■ **Task objective**
Give back the records below exactly, every one, with no pictures.

Records from a dataset:

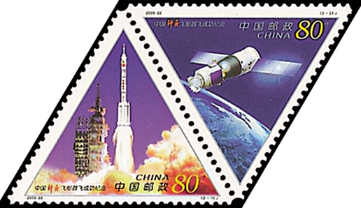 2000年11月20日,為了紀(jì)念我國(guó)第一艘載人航天飛船“神舟”號(hào)成功發(fā)射一周年,中國(guó)郵政發(fā)行了《中國(guó)“神舟”飛船首飛成功紀(jì)念》紀(jì)念郵票1套2枚。第一枚為“火箭騰飛”,畫(huà)面描繪了長(zhǎng)征二號(hào)F捆綁式火箭搭載“神舟”號(hào)試驗(yàn)飛船點(diǎn)火升空的精彩瞬間。第二枚為“飛船遨游”,畫(huà)面描繪了“神舟”號(hào)試驗(yàn)飛船在太空中遨游的身姿。本套郵票呈等邊三角形,其3個(gè)角頂點(diǎn)各有一個(gè)大圓形齒孔。該套郵票由王虎鳴、任國(guó)恩設(shè)計(jì)。
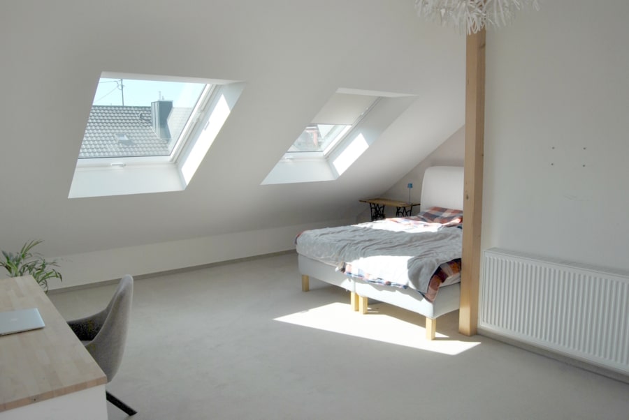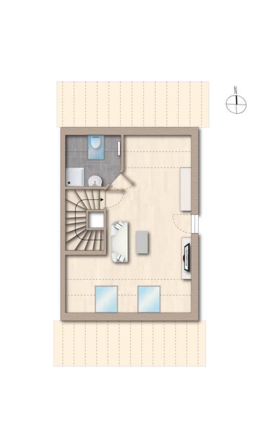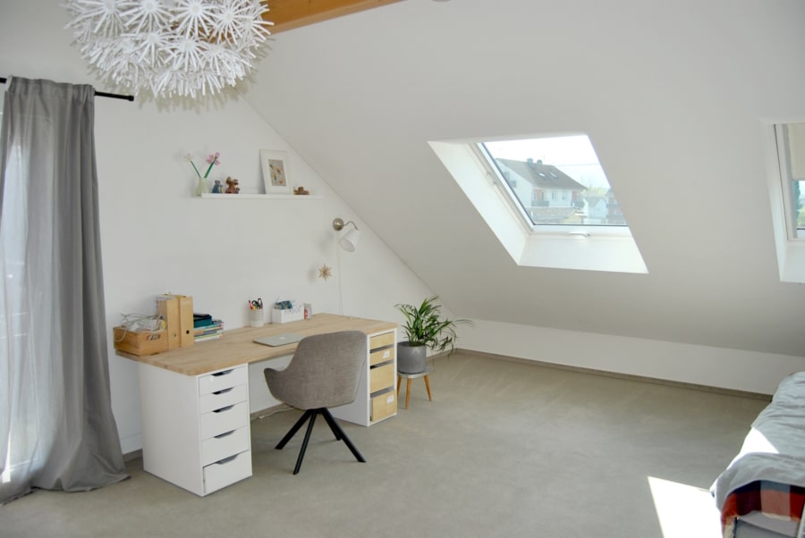 Im ausgebauten Studio befindet sich das großzügige Elternschlafzimmer mit eigenem Duschbad, wodurch ein privater Rückzugsort geschaffen wird. Die gemütlichen Dachschrägen verleihen dem Raum dabei eine besonders behagliche Atmosphäre und unterstreichen den wohnlichen Charakter dieses Rückzugsortes.
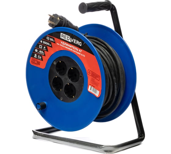 Удлинитель силовой REDVERG морозостойкий КГ на пластиковой катушке, 4 розетки, 3500Вт 50м (с/з) 00006696518
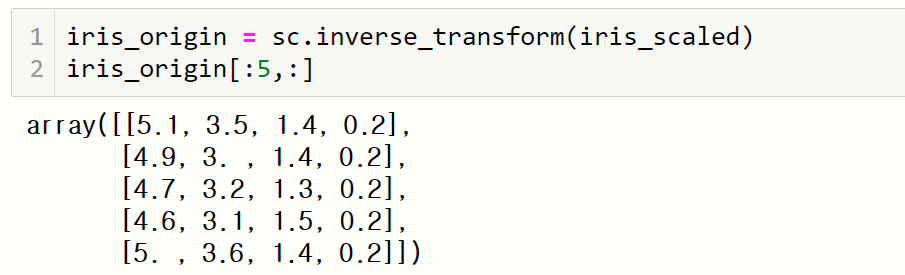 이들 클래스를 이용하면 표준화 후 표준화한 값을 원래의 값 범위로 되돌릴 수 있음
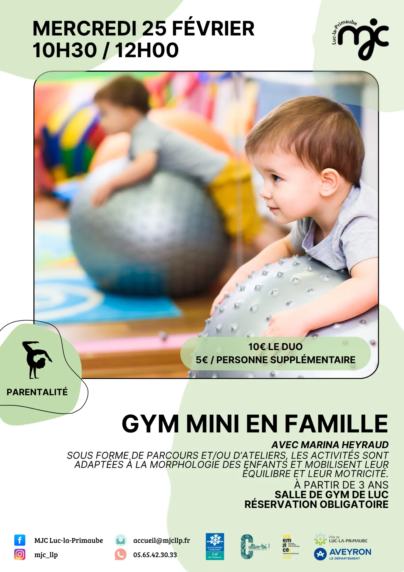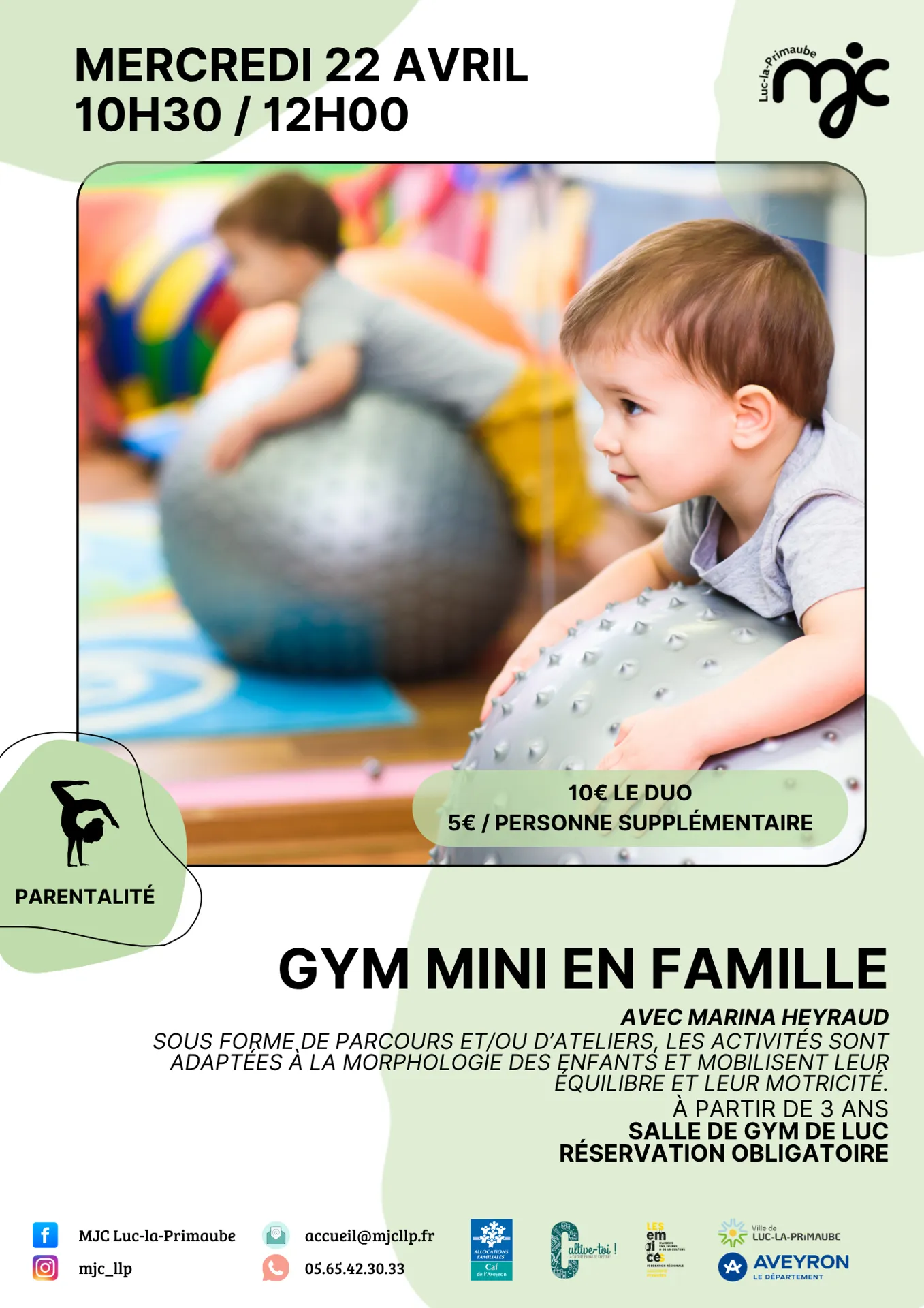 DIM. 4 JANV; 25 FEV; 22 AVRIL – 10h30/12h00 – salle de gym de Luc
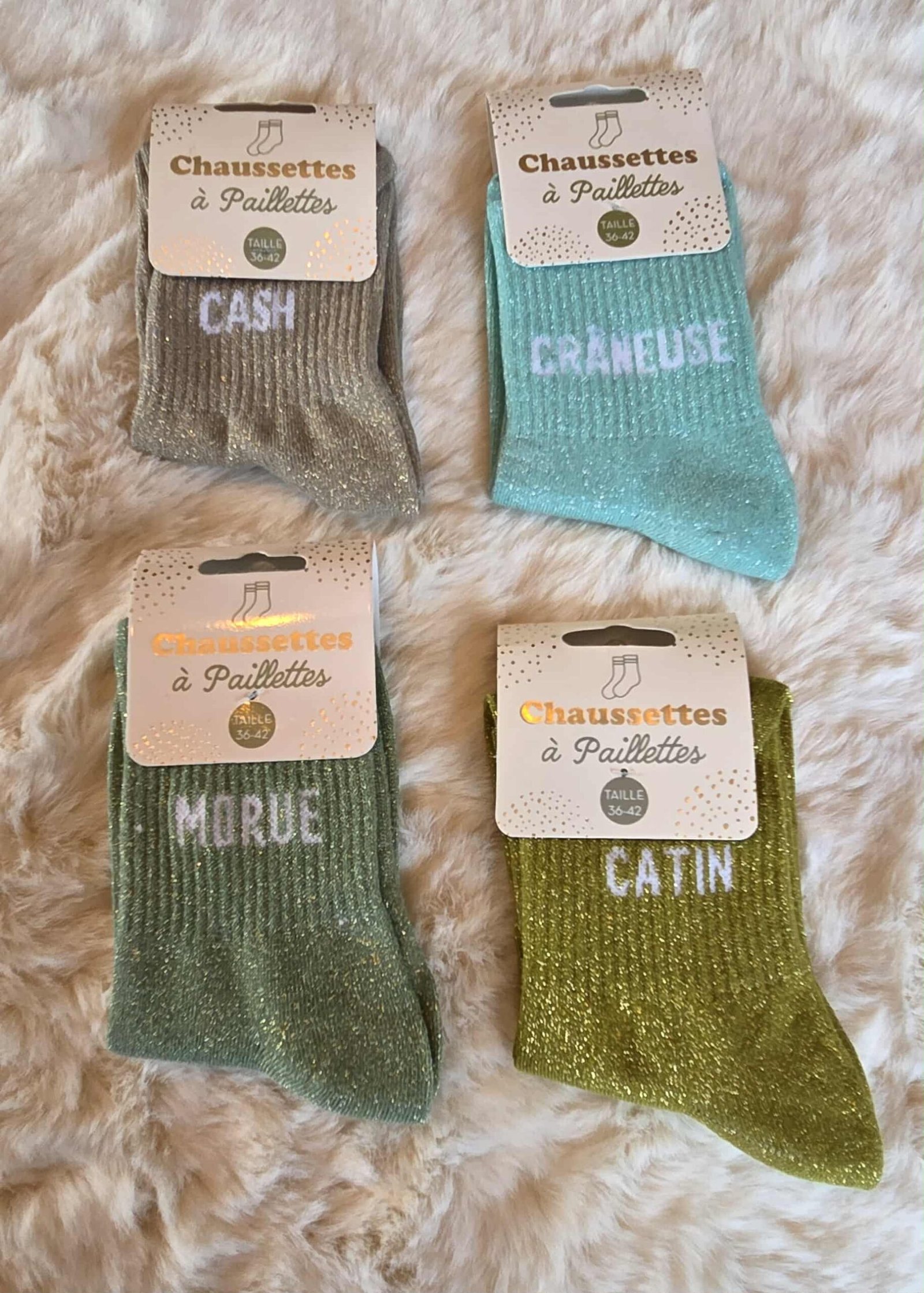 Chaussettes à Paillettes avec message Cash / Crâneuse / Morue / Catin

■ **Answer below**
 2000年11月20日,為了紀(jì)念我國(guó)第一艘載人航天飛船“神舟”號(hào)成功發(fā)射一周年,中國(guó)郵政發(fā)行了《中國(guó)“神舟”飛船首飛成功紀(jì)念》紀(jì)念郵票1套2枚。第一枚為“火箭騰飛”,畫(huà)面描繪了長(zhǎng)征二號(hào)F捆綁式火箭搭載“神舟”號(hào)試驗(yàn)飛船點(diǎn)火升空的精彩瞬間。第二枚為“飛船遨游”,畫(huà)面描繪了“神舟”號(hào)試驗(yàn)飛船在太空中遨游的身姿。本套郵票呈等邊三角形,其3個(gè)角頂點(diǎn)各有一個(gè)大圓形齒孔。該套郵票由王虎鳴、任國(guó)恩設(shè)計(jì)。
 Im ausgebauten Studio befindet sich das großzügige Elternschlafzimmer mit eigenem Duschbad, wodurch ein privater Rückzugsort geschaffen wird. Die gemütlichen Dachschrägen verleihen dem Raum dabei eine besonders behagliche Atmosphäre und unterstreichen den wohnlichen Charakter dieses Rückzugsortes.
 Удлинитель силовой REDVERG морозостойкий КГ на пластиковой катушке, 4 розетки, 3500Вт 50м (с/з) 00006696518
 이들 클래스를 이용하면 표준화 후 표준화한 값을 원래의 값 범위로 되돌릴 수 있음
 DIM. 4 JANV; 25 FEV; 22 AVRIL – 10h30/12h00 – salle de gym de Luc
 Chaussettes à Paillettes avec message Cash / Crâneuse / Morue / Catin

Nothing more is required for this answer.